Systematic review of published cases of ID rupture
The systematic search yielded 104 studies from PubMed and from the reference lists (Supplementary Figure 1). Seventy studies were excluded after reviewing title/ abstracts. After assessing the eligibility from full texts of 34 studies, 21 were excluded. Full text was not available for 7 studies, and 14 studies did not match the inclusion criteria. Eight studies were not suitable, three studies assessed the growth of IDs [6, 15, 26], one article was in the Japanese language [21], one was a hemodynamic study of stable IDs [1], and one study was a systematic review [8]. Finally, a total of 20 cases of ruptured IDs were included from 13 individual studies (Table 2, Supplementary Figures 2-5). Twelve studies were case reports, and one study was a case series. All the ruptured IDs were located at the PCom. The median age for ID rupture was 53 years, and 70% (14/20) were female. Images of the ID before rupture were available for 7 of the subsequently ruptured IDs. Of those 7 IDs, all were typical cone-shaped lesions at diagnosis. However, the branching vessel that should originate from the apex, could be visualized in only 4/7 of the IDs. Out of the IDs that ruptured in a follow-up, all of them had had previous SAHs from other aneurysms (5/7) or from unknown origin (2/7). Furthermore, de novo aneurysm formation was seen in 4 out of 7 patients in the time interval between ID diagnosis and rupture.
Discussion
In this study, we report the first large-scale follow-up study of 97 typical infundibular dilatations and 9 preaneurysmal lesions in patients with aneurysms.

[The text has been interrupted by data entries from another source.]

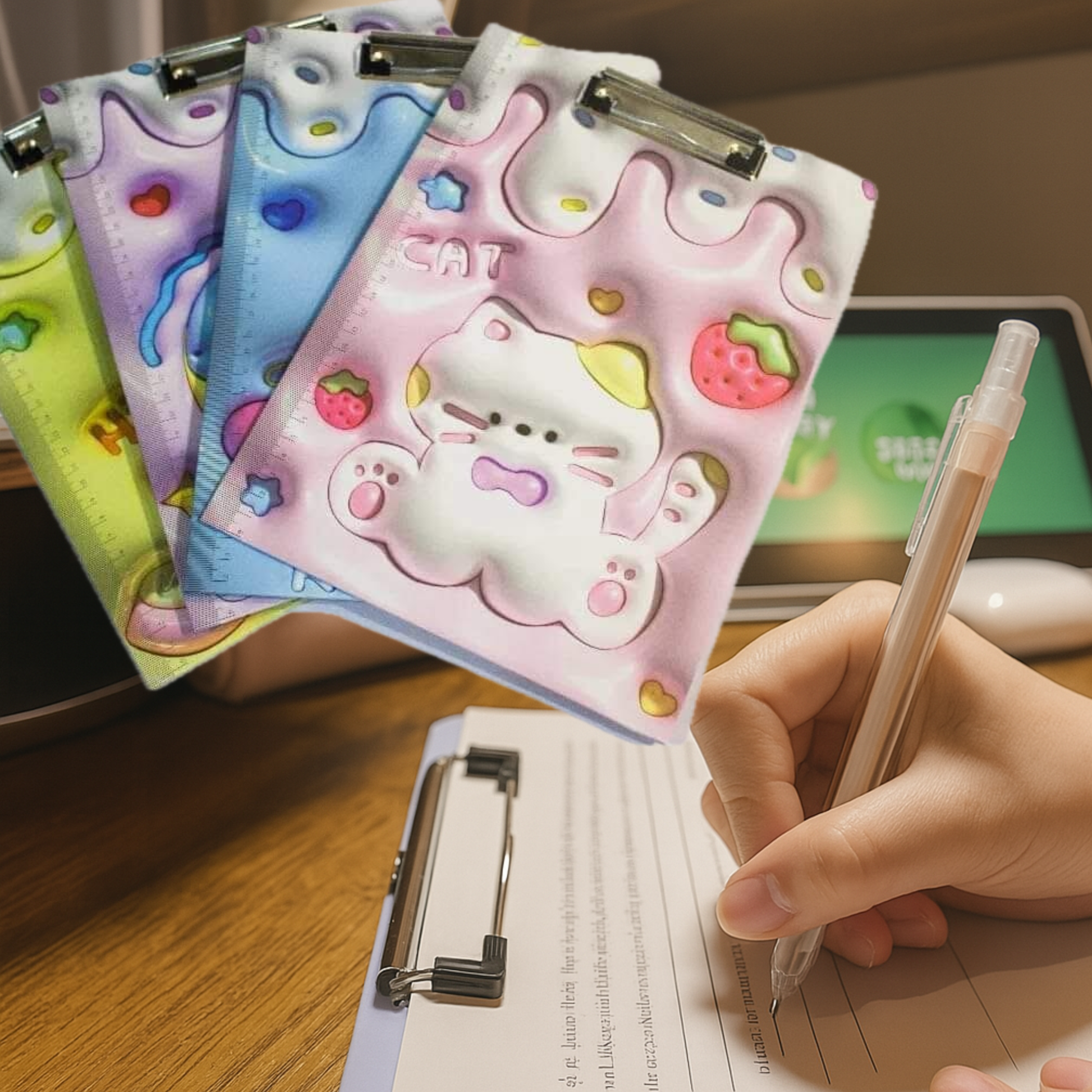 لوح الكتابة بتصميم كيوت مع مشبك ومسطرة
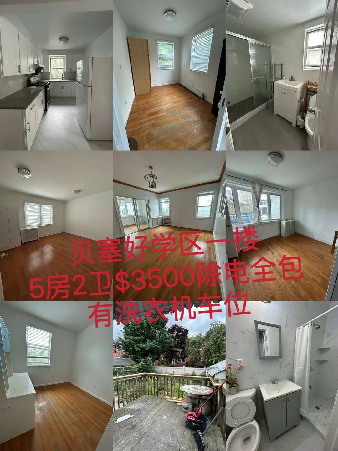 贝赛Oakland garden 220st &64ave 新装修一楼+二楼5房2厅2全浴带后院,$3500包水暖气和煤气,包一个车位,租客只付电,有洗衣机,26学区,蓝带PS46 小学,蓝带JHS74 初中,卡多索高中,近495高速29出口,Q27到法拉盛 ,QM8,QM5到曼哈顿、近Q30,Q88,近各种餐馆超市洗衣房,近公园,可小宠 646 546 6309
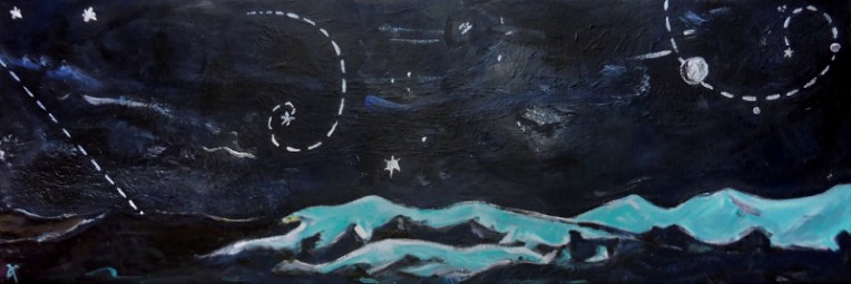 The Sound of Things — acrylic on canvas, 205 x 610 mm, 2019. SOLD
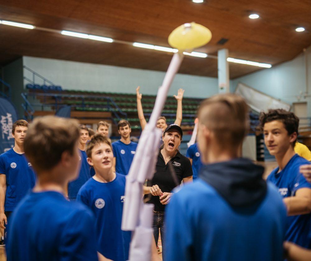 Po uvodnih besedah je Petra Majdič s svojo ekipo mlade odbojkarje spravila v akcijo, da so soočeni z različnimi izzivi prebujali jekleno voljo. Skozi nekoliko drugačen trening jim je skušala približati nujnost osmišljanja ciljev in sprejemanja hitrih odločitev v danih situacijah.
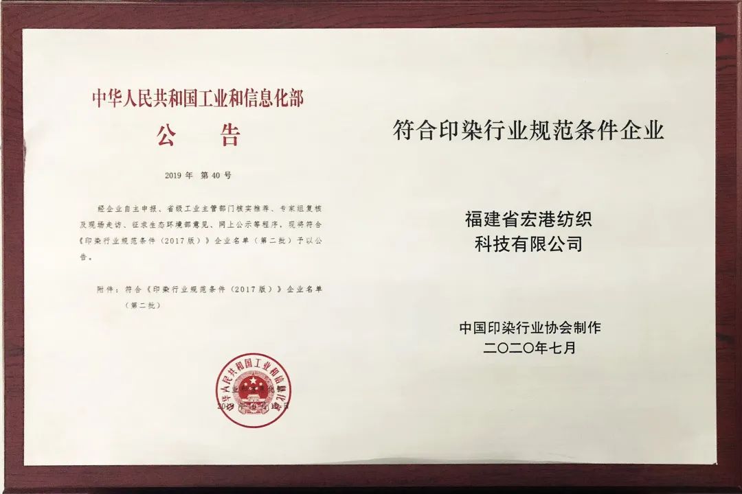 先后通过了ISO 9001质量管理体系、ISO 14001环境管理体系、OHSAS 18001职业健康安全管理体系、Oeko-Tex Standard 100生态纺织品、GRS全球回收标准、安全标准化以及两化融合管理体系等认证。 先后通过LIDL客户的“金牌”认证、ZARA客户的“绿牌”认证、实验室通过一线品牌M&S、H&M、VS认证。 通过福建省高新技术企业及国家高新技术企业认定,通过福州市经信局评选的“福州市企业技术中心”,获得福州市政府颁发的“福州市产品质量奖”。 被国家工信部评选为“国家级两化融合管理体系贯标试点企业”,被福建省经信委评为“智能制造试点示范企业”。 被中国印染行业协会评为“中国印染企业20强”,同时获得“优秀面料一等奖”荣誉称号。 2015年荣获瑞典斯德哥尔摩国际水平衡组织颁发的“纺织行业可持续用水项目最佳节水奖”。 2017年10月,荣获中国环境报颁发的“2017年度绿色企业管理奖”。 2018年,荣获国家工信部评选的“绿色工厂”荣誉称号,成为福建省唯一一家当选的面料纺织企业。 2019年10月,通过国家工信部印染行业规范公告管理,符合《印染行业规范条件(2017版)》,成为福建省内首家通过该标准的印染企业。 2019年12月,被福建省工信厅认定为“节水型示范企业”。
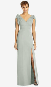 肩と深いVバックでネクタイのディテールを備えたフルレングスノースリーブVネックラックスシフォンドレス。サイドフロントにスリットが付いた人魚のスカート。
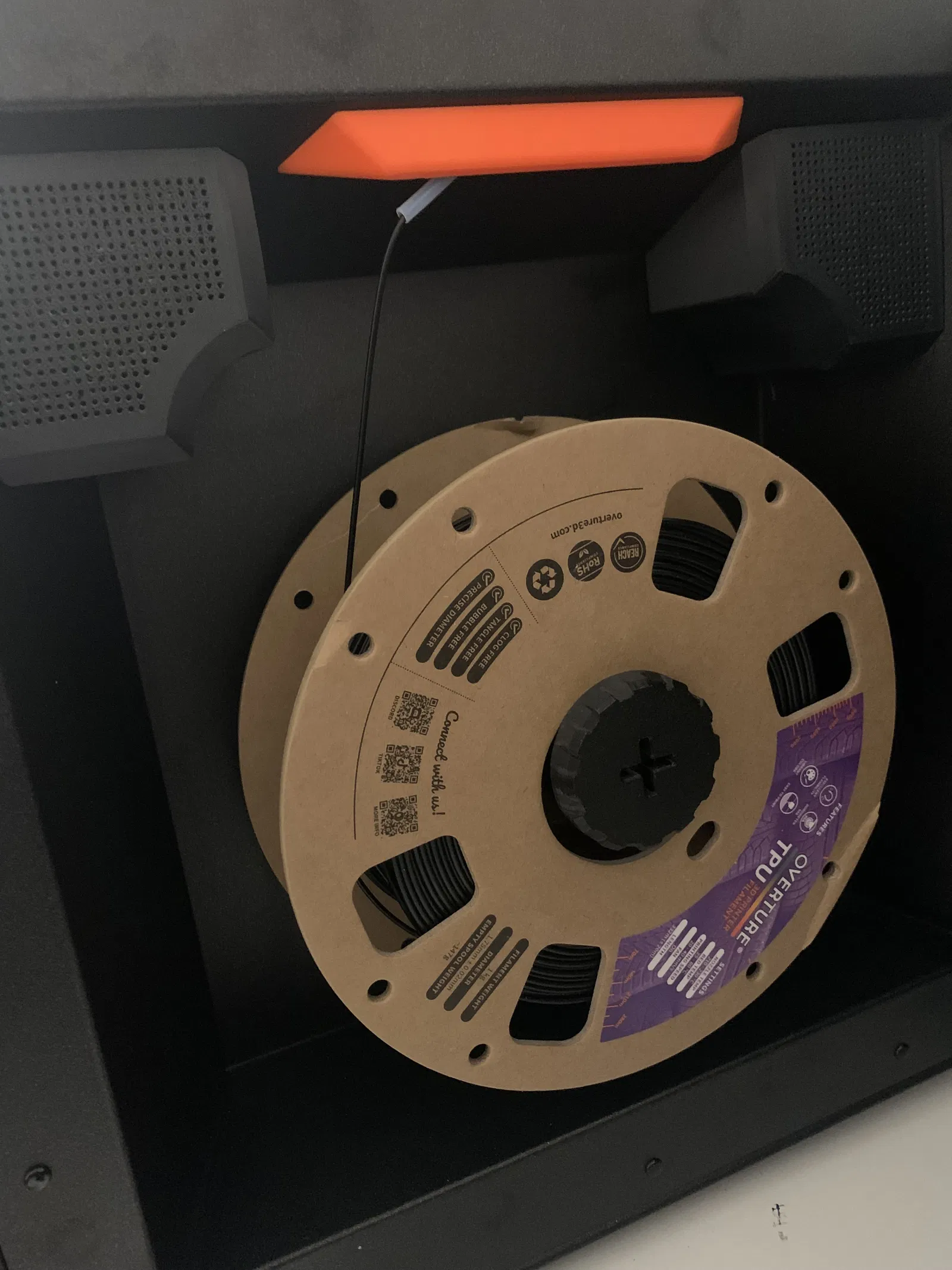 Hộp đựng hạt hút ẩm được thiết kế giúp in dễ dàng hơn, vừa vặn để đặt ở cả bốn góc của Core One. Thiết kế này không cần support, phù hợp với nhiều loại nhựa, riêng nắp nên in bằng TPU.
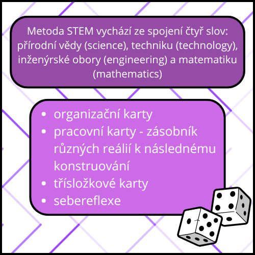 Tento vzdělávací soubor slouží jako zásobník aktivit, které se přímo pojí s metodou STEM učení. Vhodné je soubor vytisknout, karty vystřihnout a zalaminovat. Obsah celého 47 stránkového PDF souboru:
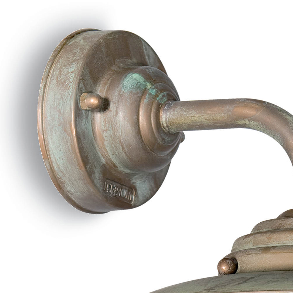 Authentisch und zeitlos – diese Außenwandleuchte erinnert an den Charme traditioneller Laternen und interpretiert ihn elegant neu. Die handgefertigte Messingstruktur besticht durch ihre antike Oberfläche , die die Materialität des Metalls hervorhebt und einen edlen, wohnlichen Look verleiht.
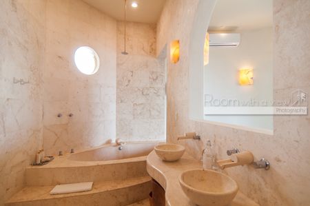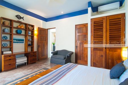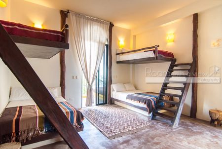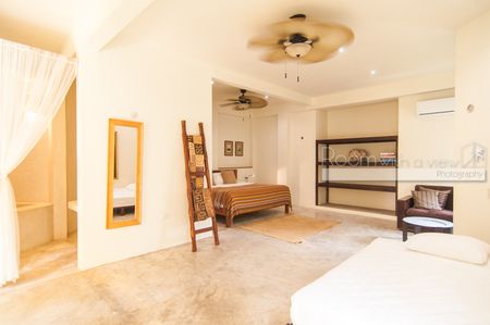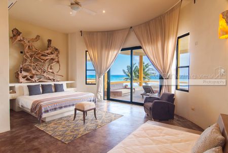 Esta villa de playa cuenta con nueve elegantes suites, cada una de 250 a 300 pies cuadrados, equipadas con camas king-size, lujosa ropa de cama y baños en suite. La suite principal de 1,000 pies cuadrados ofrece un balcón privado con vistas panorámicas al mar, creando un auténtico oasis de tranquilidad. Además, cinco serenas suites en el jardín, rodeadas de exuberante selva, cuentan con hamacas colgantes, balcones privados y baños de chukum artesanal, rindiendo homenaje a la herencia maya de la región. Para los más aventureros, una suite con literas y un área de descanso al aire libre ofrece vistas espectaculares a la selva y el mar.
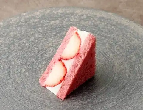 ラズベリーとビーツが練り込まれた、香り豊かな国産小麦パンで作ったフルーツサンド。真っ赤な外皮と白い果肉のコントラストが特徴の三重県産いちご「かおり野」ならではの、断面の美しさも楽しめるサンドウィッチです。 |
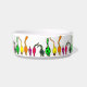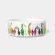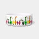 This is a heavy, durable bowl decorated with Tibbies of many colors, the perfect size for hungry/thirsty Tibs. The design is interesting and printing clear.
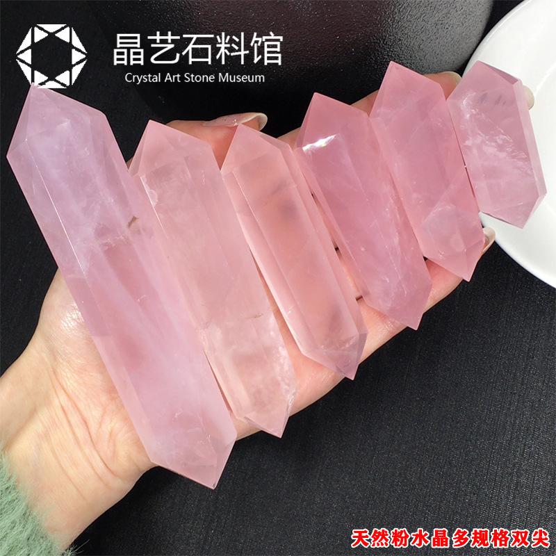 Columna de cristal de doble punta de cristal rosa natural, decoración de piedra original de cristal rosa natural, directa de fábrica, decoración de columna de cristal hexagonal
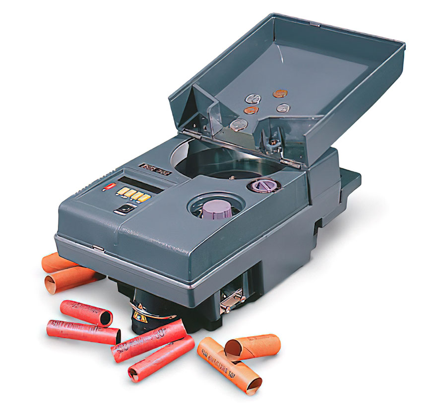 The highly productive unit is setting new standards for portable coin counters. The Scan Coin 303 can accurately count 2,700 coins/minute. This machine performs a "special sort" only. Ex: put a handful of change into the hopper, set the machine to pennies. All pennies will be sorted out, counted, and sleeved. All other coins stay in the hopper. Next, switch the machine to nickels, and so forth.
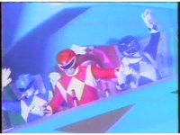 Zoom in on Thunder Megazord cockpit, lights flashing and as the whole thing tilts to our left, causing the Rangers to roll over to the left wall. |
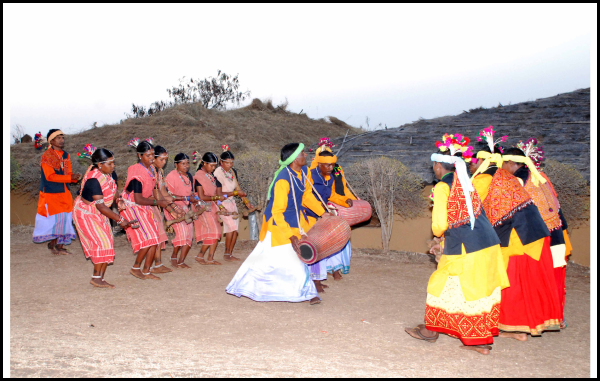 The people of this tribe perform Karma dance during Karma Puja,Padki dance on Diwali,and wedding dances during marriages. Both men and women participate in dances performed on music such asKarama songs, Vadaria songs, Suasongs, Phag,Bhajans, etc. These songs usually involve musical instruments.The dancers wear colourful costumes and ornaments. |
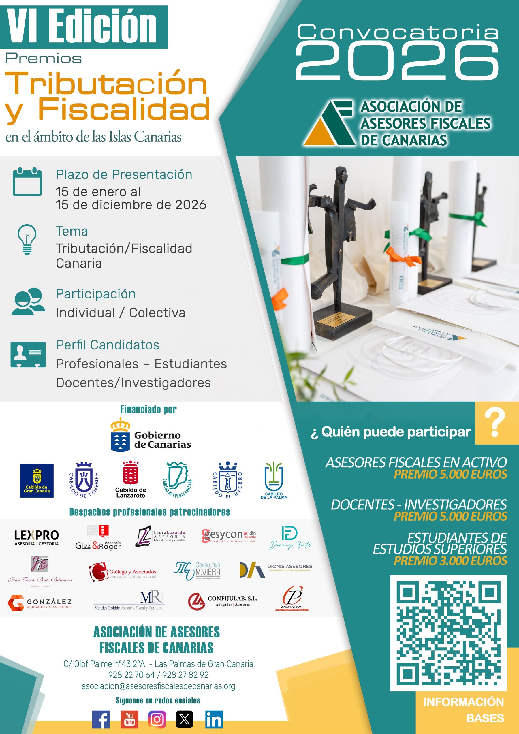 Para consultar las bases completas e inscribirse, los interesados pueden visitar la página web oficial de la asociación: VI EDICIÓN PREMIOS AFC https://asesoresfiscalesdecanarias.org/premios-afc-2026/
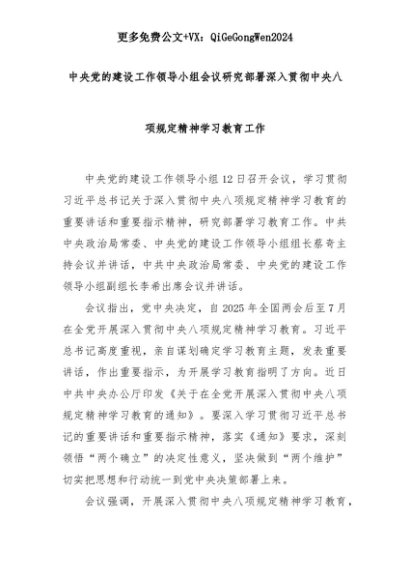 【七哥公文】2025年:中央党的建设工作领导小组会议研究部署深入贯彻中央八项规定精神学习教育工作+更多免费公文+VX:QiGeGongWen2024+更多免费公文+VX:QiGeGongWen2024
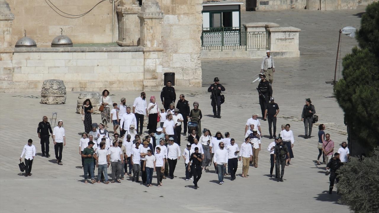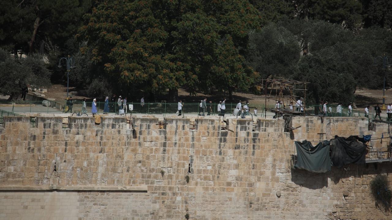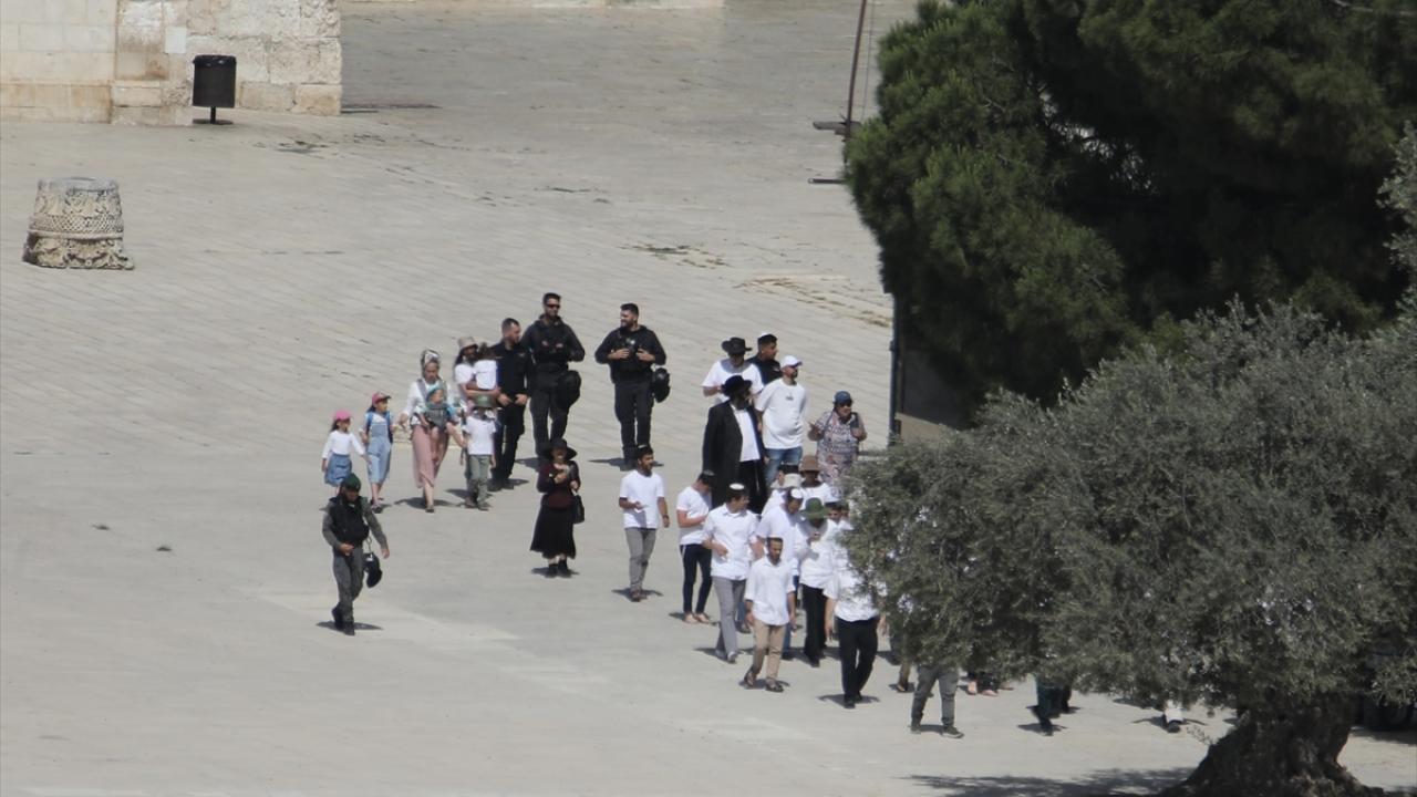 Haberde, bazı Yahudilerin Mescid-i Aksa’ya Tevrat ruloları ile girmeye çalıştıklarına dikkat çekilen açıklamada, Burak Duvarı (Ağlama) bölgesi başta olmak üzere binlerce fanatik Yahudi’nin Harem-i Şerif’in çevresinde ve kapılarında kutlama ve ayinler düzenlediği vurgulandı.
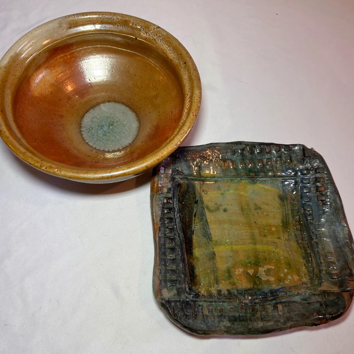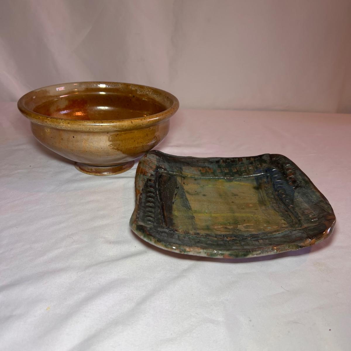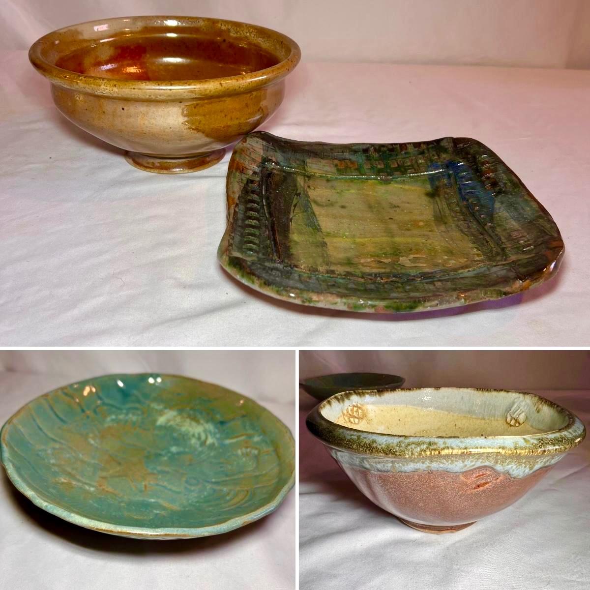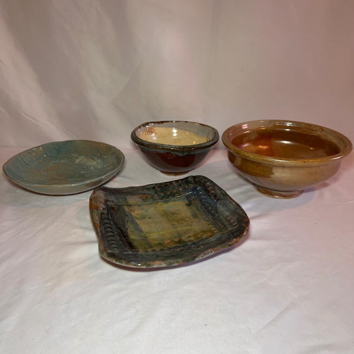 The three bowls are all signed. The shallow slab built plate has no markings. The largest bowl measures 8”D x 4”H and has a glossy iridescent glaze.

All the typical IDs remained stable in a total follow-up of 409.3 patient-years. One preaneurysmal lesion ruptured after 8 years of follow-up.
The ruptured lesion resembling both infundibular dilatation and aneurysm
In our series, the one ruptured lesion resembling an aneurysm and ID (Fig. 2) remained the only one showing instability. This ruptured lesion was not a typical infundibular dilatation: conventional IDs are symmetrical, cone-shaped dilations at the origin of the vessel. In contrast, this ruptured lesion initially resembled an aneurysm, except for the branching vessels originating from it. This lesion was thought to be the source of the SAH since the bleeding pattern was typical for a ruptured MCA bifurcation lesion. Moreover, the location and clinical presentation differed from a perimesencephalic SAH [23]. Besides the ruptured lesion, the patient also presented aneurysm instability during follow-up. Similarly, the literature review showed that out of the 7 IDs that ruptured during a follow-up, 4 patients also had de novo aneurysm formation. These are interestingly high rates of de novo aneurysm formation since it is estimated that only 2% of patients with ruptured or unruptured aneurysm develop de novo aneurysms in a mean follow-up of 8.3 years [7]. This may indicate that the patients presenting with ruptured IDs may have some unknown factors in the cerebral vasculature that predispose to an aneurysm formation/instability in an unusual manner.
Based on the systematic review of the SAHs originating from the IDs, we found that many of the ruptured IDs reported in the literature, would not have been classified as IDs based on the criteria, we used to assess whether a lesion is ID or aneurysm. In patients with available imaging studies, only 6/16 would have been classified as IDs at the time of rupture. Of those patients with imaging available prerupture, 4 out of the 7 would have been classified as IDs due to the lack of branching vessel originating from the apex of ID in 3/7 of IDs. This raises the question of whether the ruptured IDs presented in the literature were IDs or preaneurysmal lesions or aneurysms.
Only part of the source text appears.